И для рецензируемого, и для рецензента бесспорно одно: и трагики, и вся античность – не самоцель. Вся суть – в воспитании. Переводческая максима, которой руководствуется Виламовиц – делать перевод, по меньшей мере, столь же понятным, каким был оригинал, – ясно указывает на его просветительский этос. Само собой разумеется, что для достижения этой цели нужно апеллировать к знакомому и поступиться некоторыми тонкостями. Против такой сделки ополчается Хильдебрандт: «Образования можно ожидать только от строгих требований, а по мне – так даже от эксклюзивности» (70). В союзники против «тяги разжижать образование, чтобы его расширять», снова берется Ницше (71). Однако воспитательная концепция у Виламовица, к ужасу рецензента, тоже опирается на Платона: «Было бы праздным делом сравнивать Виламовица как воспитателя с замыслами Платона, но Виламовиц сам утверждает о себе, что понимает свое академическое поприще в смысле платоновской Академии» (113).

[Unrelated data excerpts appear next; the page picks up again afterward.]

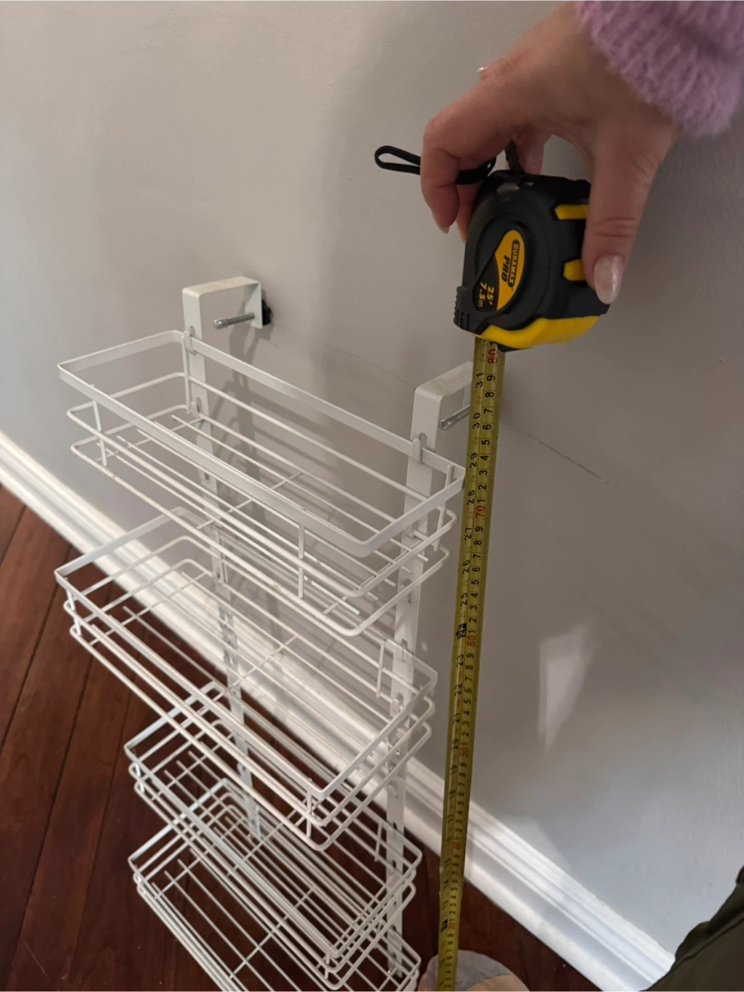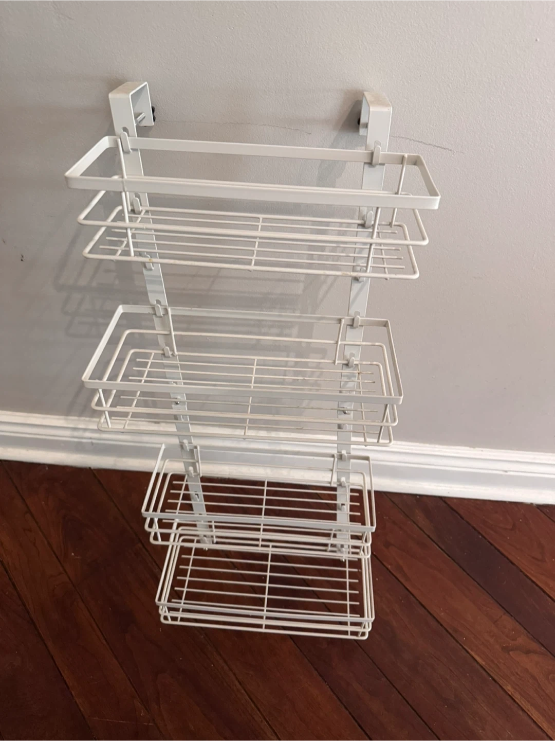 Over the door storage rack with four wide shelves.
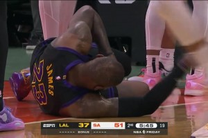 [詹姆斯被打脸] 39岁一场比赛三次被打脸!詹姆斯突破被柯林斯戳到眼睛,痛苦倒地
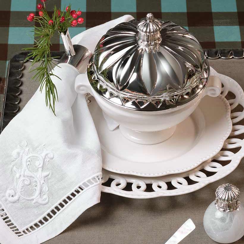 This silver-plated serving dome is crafted with a modern design approach, inspired by the elegant lines of traditional hammam bowls. Its embossed surface reflects light from different angles, adding a refined sense of grandeur to the table, while creating a harmonious unity with the bowls from the Storyteller tableware collection. Material: silver-plated brass. Made in Turkey.

Разумеется, он толкует ее, скорее, как место для корпения и потения, воспевая – по-мещански – благородство интеллектуальной подёнщины. «Конечно, Платон всегда стремился к высшему познанию, но он жаждет узрения вечных идей, а не умножения знания» (113). В основе воспитания по Виламовицу лежит мелкий научный труд, а для Платона (а с ним и Гёте) – почтение [ehrfurcht], которое станет одним из самых центральных понятий в идеологии Круга Георге. Поэтому, что бы ни мнил Виламовиц, не он представляет в современности то, чем был для античности Платон. Виламовиц глух не только к классической древности, но и «к тому современному великому движению, что изо всех сил сражается против уплощения и обездушения жизни». Хильдебрандт имеет в виду, конечно, «Листки», авторов и читателей нового поэтического призыва. Первая волна этого движения называлась романтизм (не путать с тщедушным омонимом, но об этом подробнее в двух последующих номерах «Ежегодника»): «Для Эллады это движение можно резюмировать именем Платона, для нашего времени, чтобы назвать лишь одну линию этого движения, именами Гёте, Шопенгауэра, Ницше и Георге. Эти четверо, как и Платон, – противники бездеятельного, растекающегося, безграничного в романтике и все же движимы всей душевной и духовной силой романтики» (115).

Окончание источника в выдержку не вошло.